Enforcement and Remediation in France, CJIP, PNF and AFA Roles

The CJIP: France’s Deferred Prosecution Agreement

The Convention Judiciaire d’Intérêt Public (CJIP) is France’s functional equivalent of a deferred prosecution agreement (DPA). Introduced by Sapin II and available for corruption, tax fraud and environmental offences, the CJIP allows companies to negotiate a resolution with the Parquet National Financier (PNF), France’s specialist financial prosecutor, without a formal conviction. A CJIP typically involves a financial penalty, a compliance undertaking monitored by the AFA, and publication of the agreement.

The CJIP has become a central feature of French anti‑corruption enforcement. The early indications suggest that the Directive’s emphasis on corporate accountability and cooperation incentives will reinforce, rather than replace, the CJIP framework. Companies facing investigation should preserve the option of a CJIP negotiation by cooperating early, preserving evidence and demonstrating genuine remediation.

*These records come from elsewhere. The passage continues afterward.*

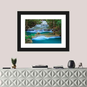 This canvas artwork captures the serene beauty of a waterfall nestled within the lush forests of Kanchanaburi, Thailand. The refreshing scene, enhanced by a tranquil palette of blues, greens, and browns, brings a sense of calm to any space.
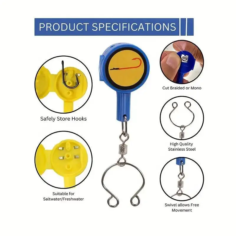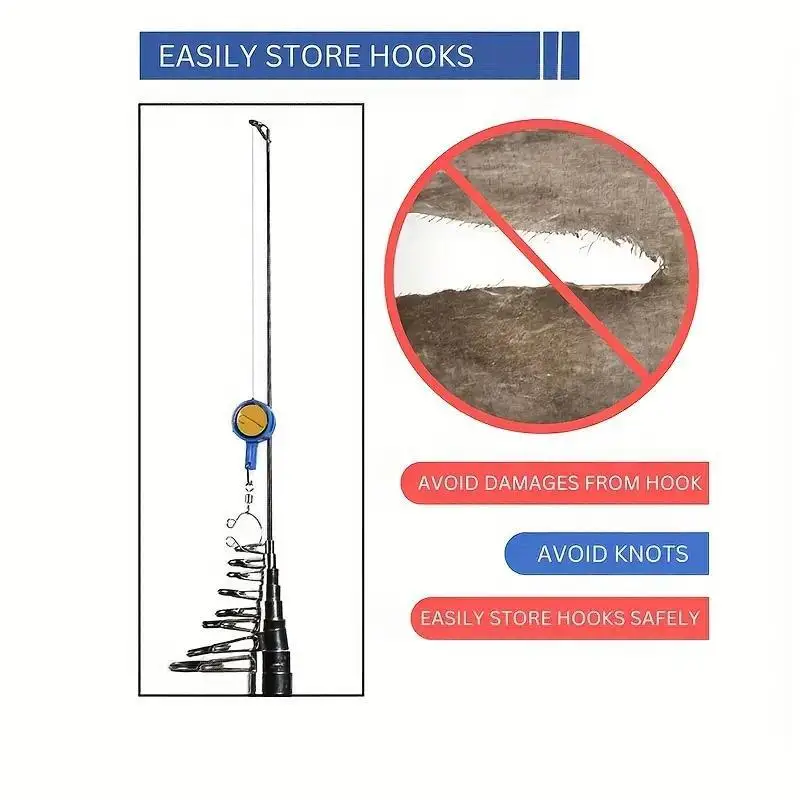 4. Fácil y cómodo de usar: es compacto y portátil, e incluso se puede poner en la caja de aparejos. Puede atar un nudo con la cubierta del gancho en cualquier lugar, como en casa, en el barco/kayak o en la orilla.
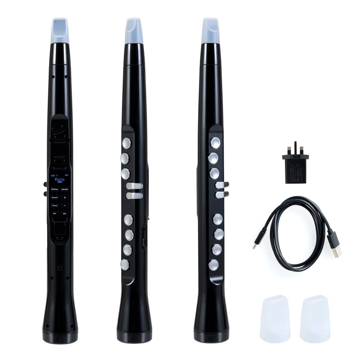Colour: Black Material: ABS Overall Dimensions: 4.5 x 42 cm (Dia x H) Net Weight: 0.3 kg Box Qty: 1(May vary by batch) Package Includes: 1 x Electronic Wind Instrument 2 x Mouthpiece Cover 1 x Type-C Charging Cable 1 x Power Adapter 1 x Storage Bag 1 x Instruction Manual
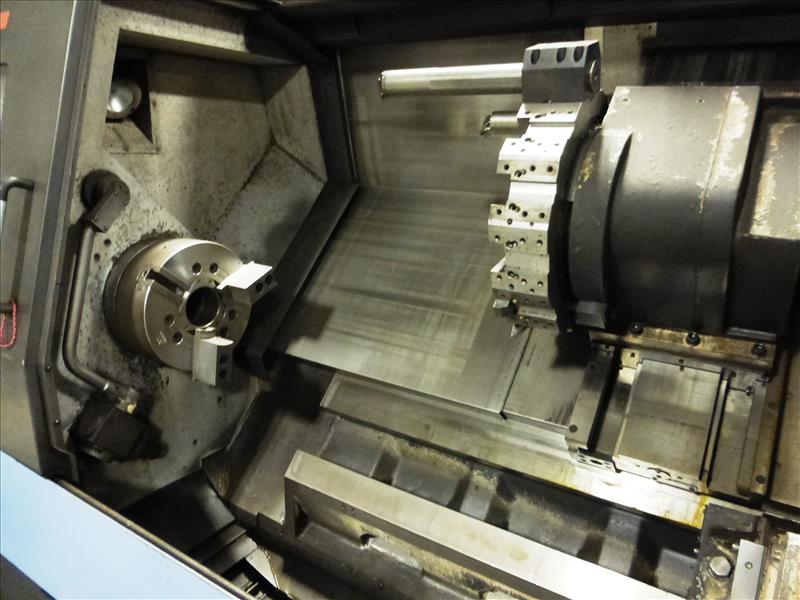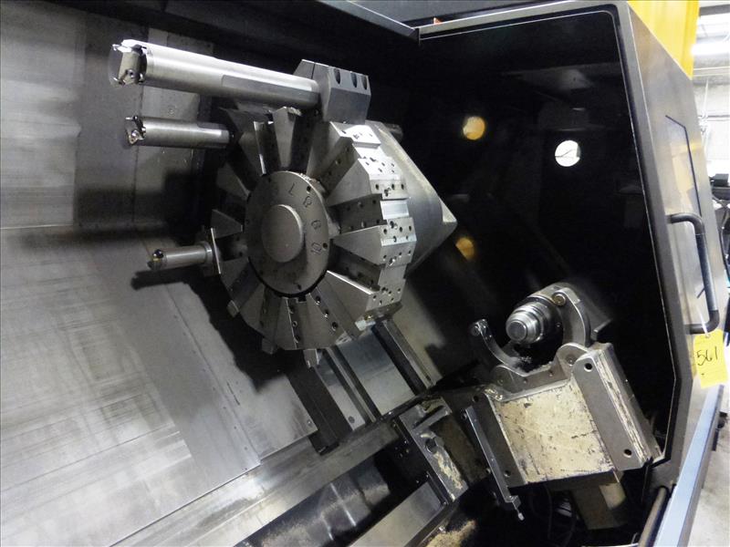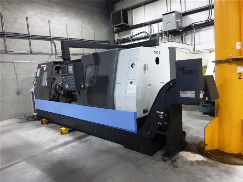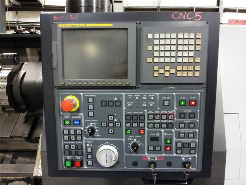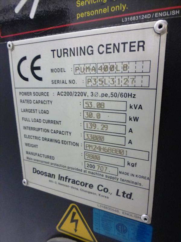 Doosan mod. Puma 400LB CNC turning center, ser. no. P35L3127 (2007), Turbo Systems chip conveyor, Fanuc Series 21i-TB control, 12-position tool turret, 3-jaw chuck, tailstock, hydraulic steady rest, (CNC-5), Operating Time: 18,400 hours
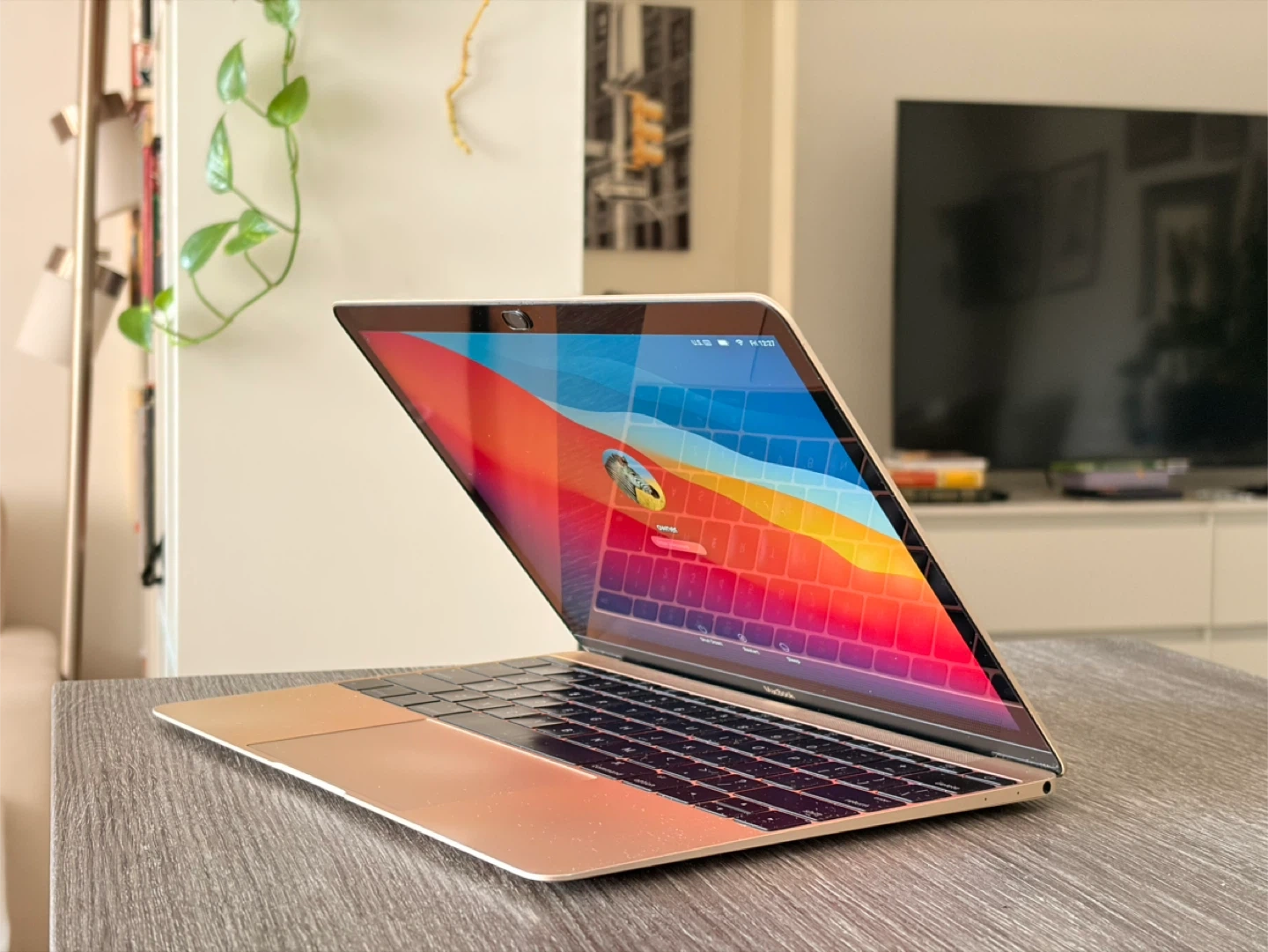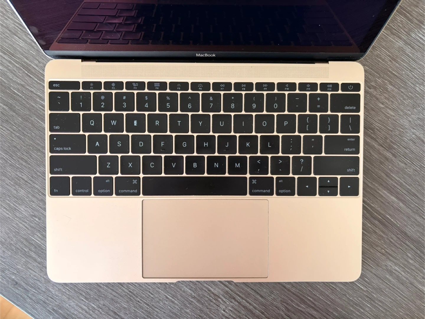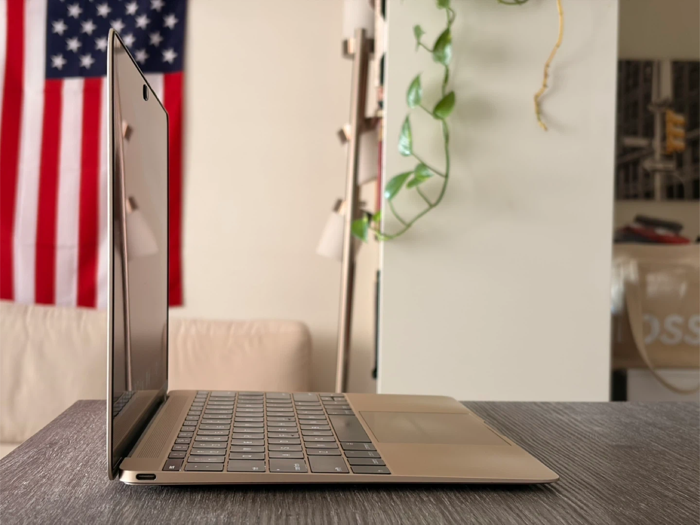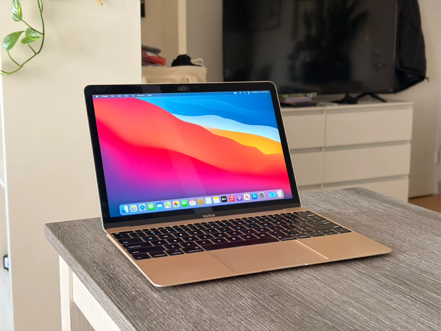 Gold Apple MacBook. It's a compact laptop with a Retina display. Includes a USB-C port.
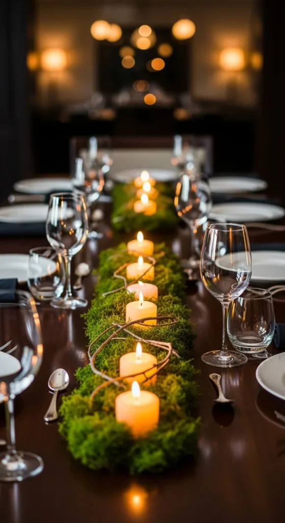 Lay moss down the center of the table and add small candles. Keep everything low and spaced out.
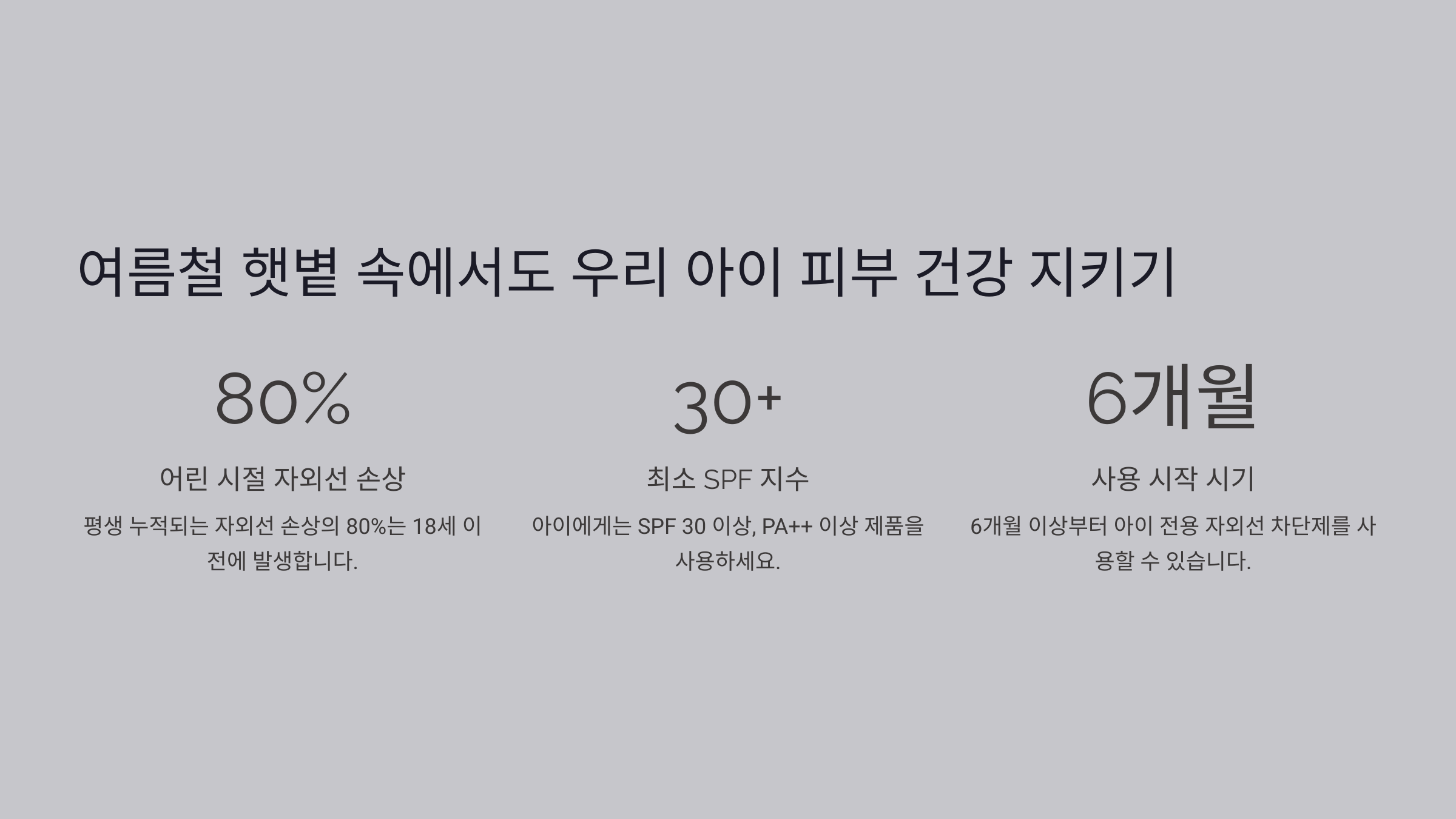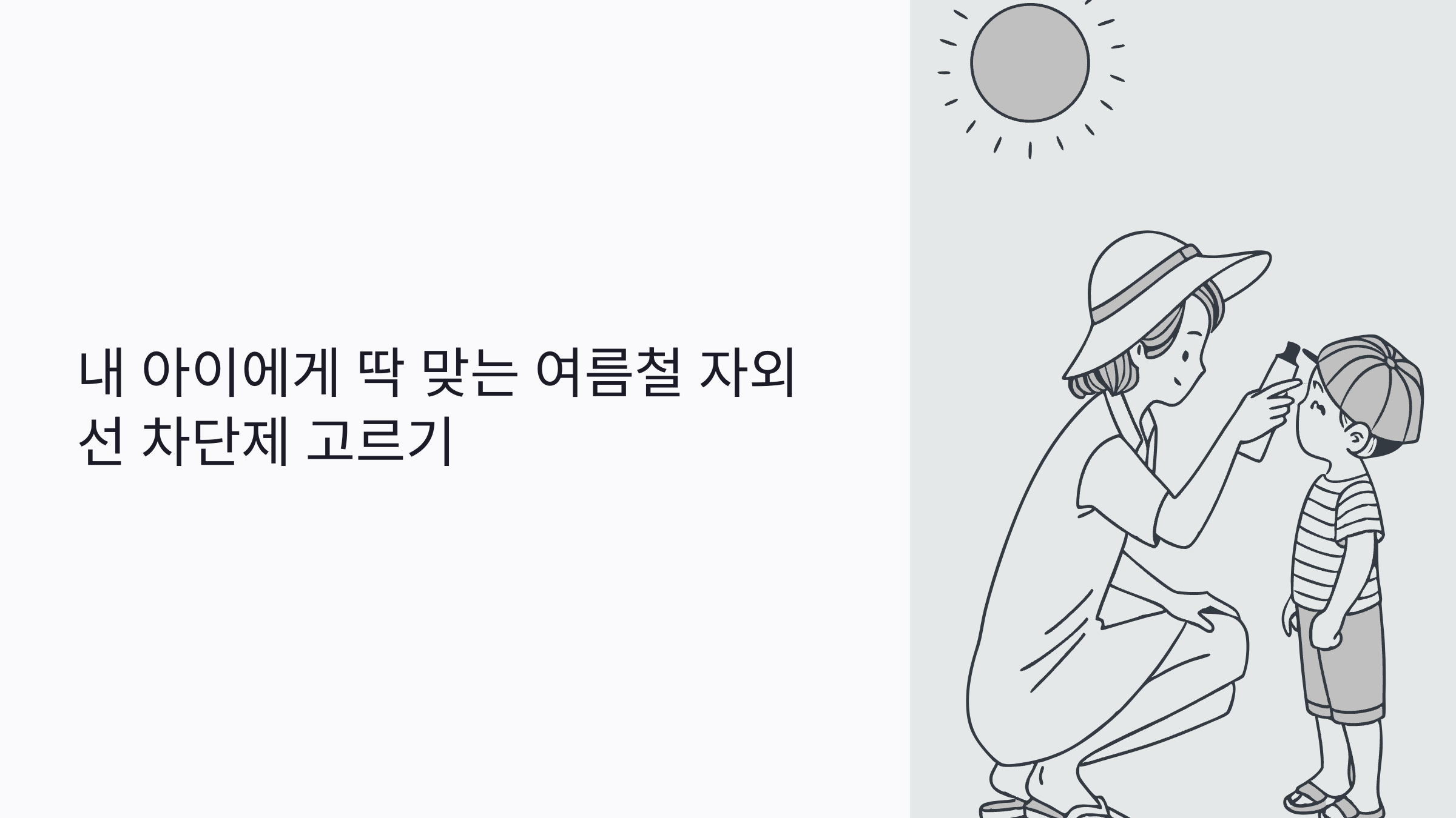 이제 이런 점들을 고려해서 우리 아이에게 맞는 자외선 차단제를 선택하면, 여름철 야외활동도 더 안전하고 즐겁게 보낼 수 있을 거예요!
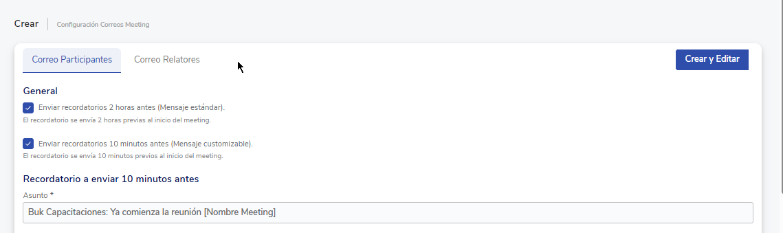 Formato de e-mails:Você poderá configurar o envio automático de e-mails e lembretes para participantes e relatores:
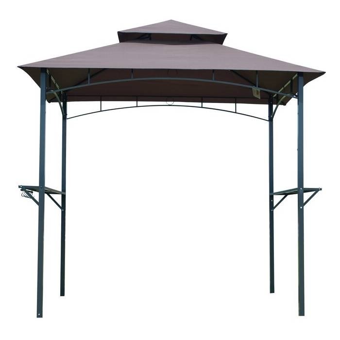 This BBQ Grill Gazebo is an excellent addition to your grilling party. The canopy cover will provide optimal shade while grilling on a hot summer day. The durable canopy protects you from harmful UV rays and has a sturdy iron frame. One metal shelf on each side of the shelter to offer a handy place to set plates and other items. Hooks included for hanging additional cooking essentials like spatulas. Versatile gazebo also comes with a bottle opener attached directly to the frame.
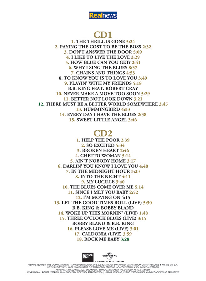 2 συλλεκτικά cd με όλες τις επιτυχίες του θρύλου των μπλουζ.
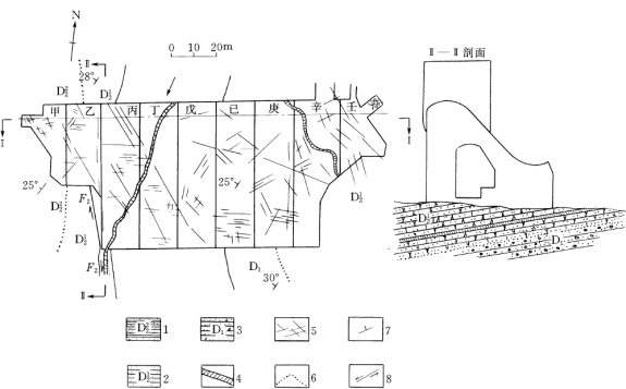 1—中泥盆统紫色砂岩与板岩互层;2—中泥盆统砾状石英砂岩夹板岩;3—上泥盆统石英砾岩;4—板岩破碎泥化夹层;5—裂隙(节理);6—岩层界线;7—岩层产状;8—断层

How French Prosecutors May Coordinate with EU Authorities

The Directive introduces enhanced cross‑border cooperation obligations. The likely practical effect will be closer coordination between the PNF and counterpart authorities in other Member States, facilitated by Eurojust and potentially by the European Public Prosecutor’s Office (EPPO) where EU financial interests are involved. For French companies under investigation in multiple jurisdictions, this means that enforcement actions may be coordinated more efficiently, reducing the scope for jurisdictional arbitrage but also increasing the risk of parallel proceedings.

 

Enforcement flow (simplified):

  1. Detection, Whistleblower report, AFA audit finding, media report or foreign authority referral.
  2. Preliminary inquiry, PNF opens investigation; company may self‑report and cooperate.
  3. Negotiation, If eligible, company and PNF negotiate CJIP terms (penalty, compliance programme, monitoring).
  4. Validation, CJIP validated by a judge in a public hearing; if rejected, case proceeds to trial.
  5. Monitoring, AFA monitors compliance programme implementation (typically 2–3 years).
  6. Closure, Successful completion closes proceedings; failure triggers potential prosecution.

Anti‑Bribery Compliance Checklist: 12 Practical Steps for French Companies

This anti‑corruption compliance France checklist translates the Directive’s requirements into actionable steps with clear ownership, timelines and deliverables. Companies should adapt each item to their specific risk profile and existing Sapin II maturity.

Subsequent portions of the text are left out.